COLLECTED DATA below:

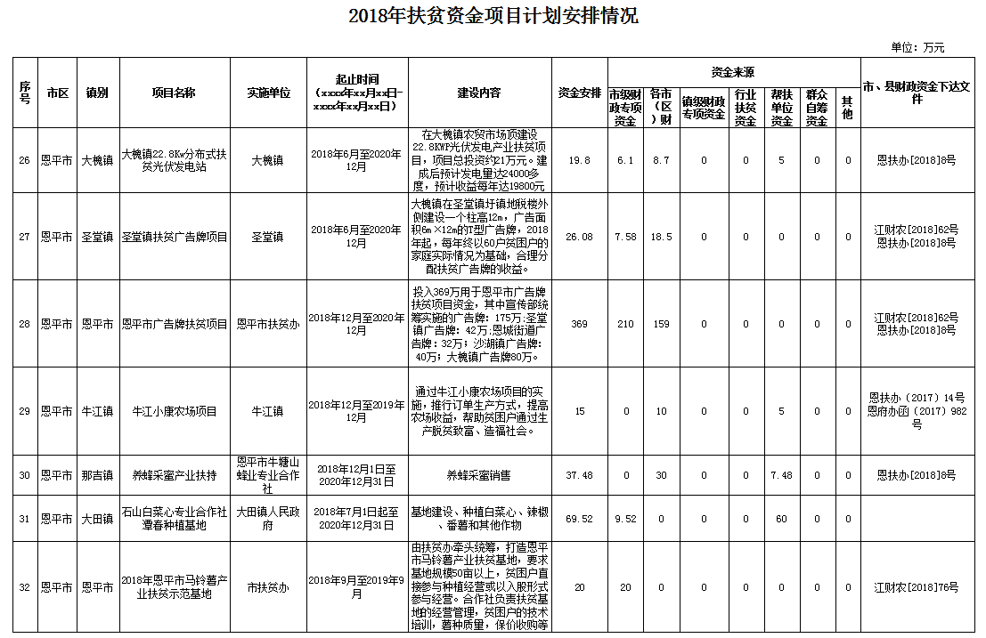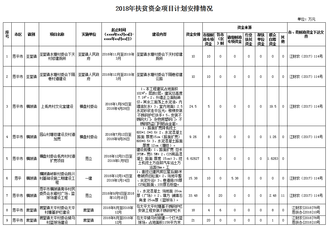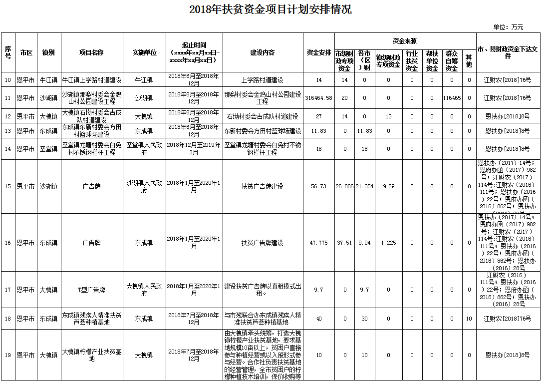 2018年扶貧資金項目計劃安排情況的公示
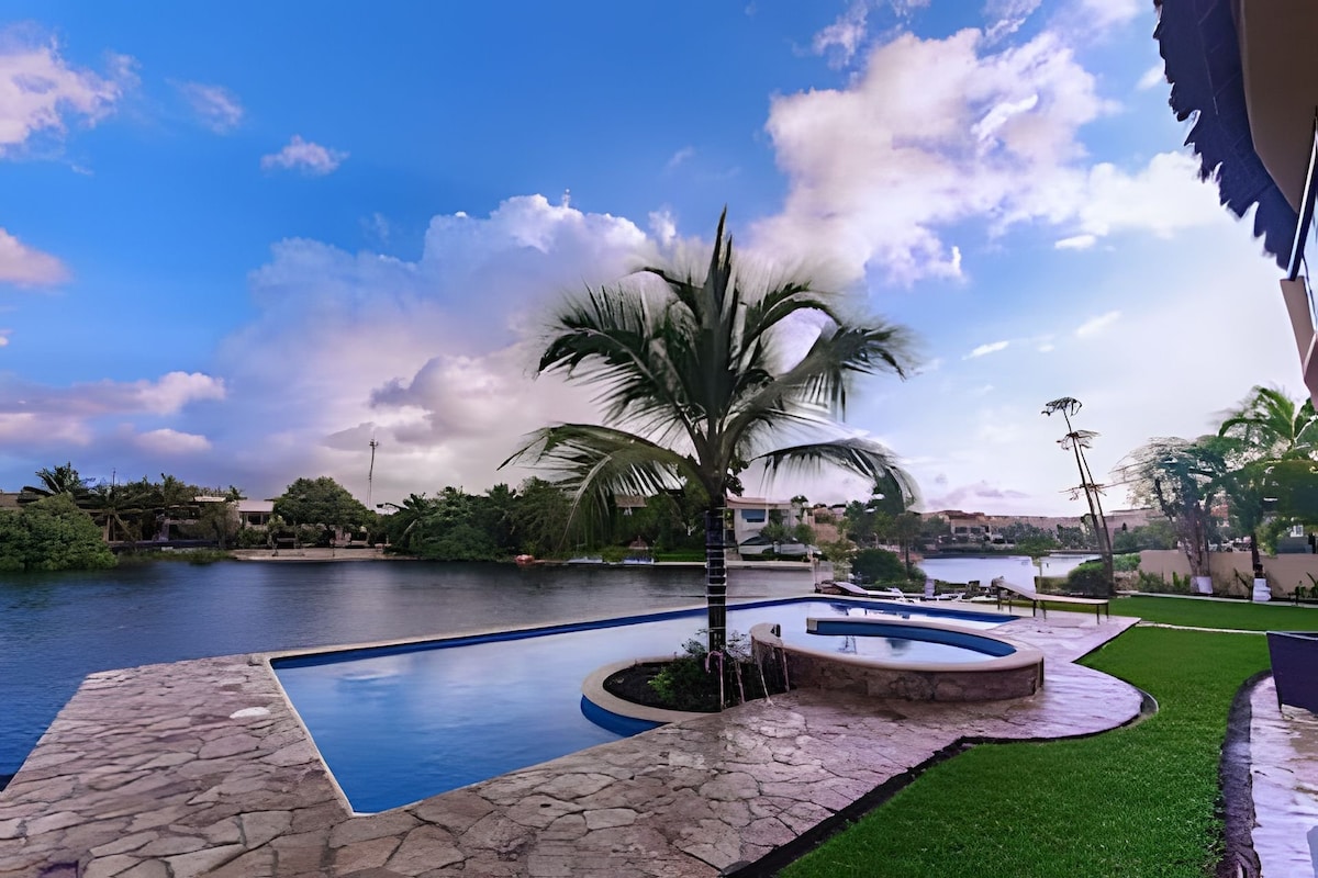 * 專屬泳池 * 自動瀑布 *室溫按摩浴缸 *免費前往海灘 * 4間臥室 * 4間衛浴 *配備廚房 *安全 * 天花板和地板風扇 *《高爾夫球場景觀》 *高速Wi-Fi 300MB * 65 吋 + 2/32 吋智慧電視 * Netflix + YouTube * Weber Grill * 有遮蔽的露台 *海灘和海豚通道 *安靜安全的別墅 * 進階服務的空調 * 為已登記的房客準備床鋪 *共用公共區域(車庫、主走廊)
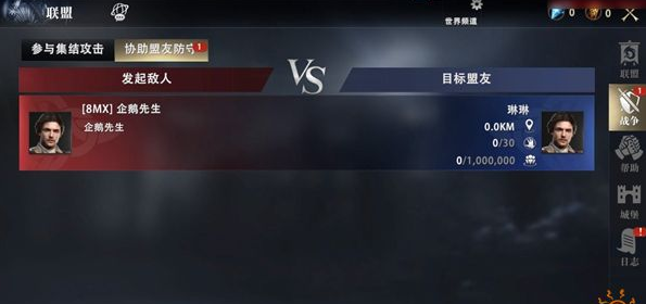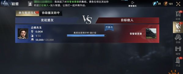 響應(yīng)時(shí)間結(jié)束之前,盟友均可通過(guò)戰(zhàn)爭(zhēng)大廳中的集結(jié)攻擊,查看盟友攻擊的目標(biāo),響應(yīng)盟友號(hào)召參與戰(zhàn)斗。

End of COLLECTED DATA.

* _DIRECTIONS FOR THIS TASK_: Write out the listing above again, exactly, but with no pictures in the copy.

* _SOLUTION TO THIS EXERCISE_:
 2018年扶貧資金項目計劃安排情況的公示
 * 專屬泳池 * 自動瀑布 *室溫按摩浴缸 *免費前往海灘 * 4間臥室 * 4間衛浴 *配備廚房 *安全 * 天花板和地板風扇 *《高爾夫球場景觀》 *高速Wi-Fi 300MB * 65 吋 + 2/32 吋智慧電視 * Netflix + YouTube * Weber Grill * 有遮蔽的露台 *海灘和海豚通道 *安靜安全的別墅 * 進階服務的空調 * 為已登記的房客準備床鋪 *共用公共區域(車庫、主走廊)
 響應(yīng)時(shí)間結(jié)束之前,盟友均可通過(guò)戰(zhàn)爭(zhēng)大廳中的集結(jié)攻擊,查看盟友攻擊的目標(biāo),響應(yīng)盟友號(hào)召參與戰(zhàn)斗。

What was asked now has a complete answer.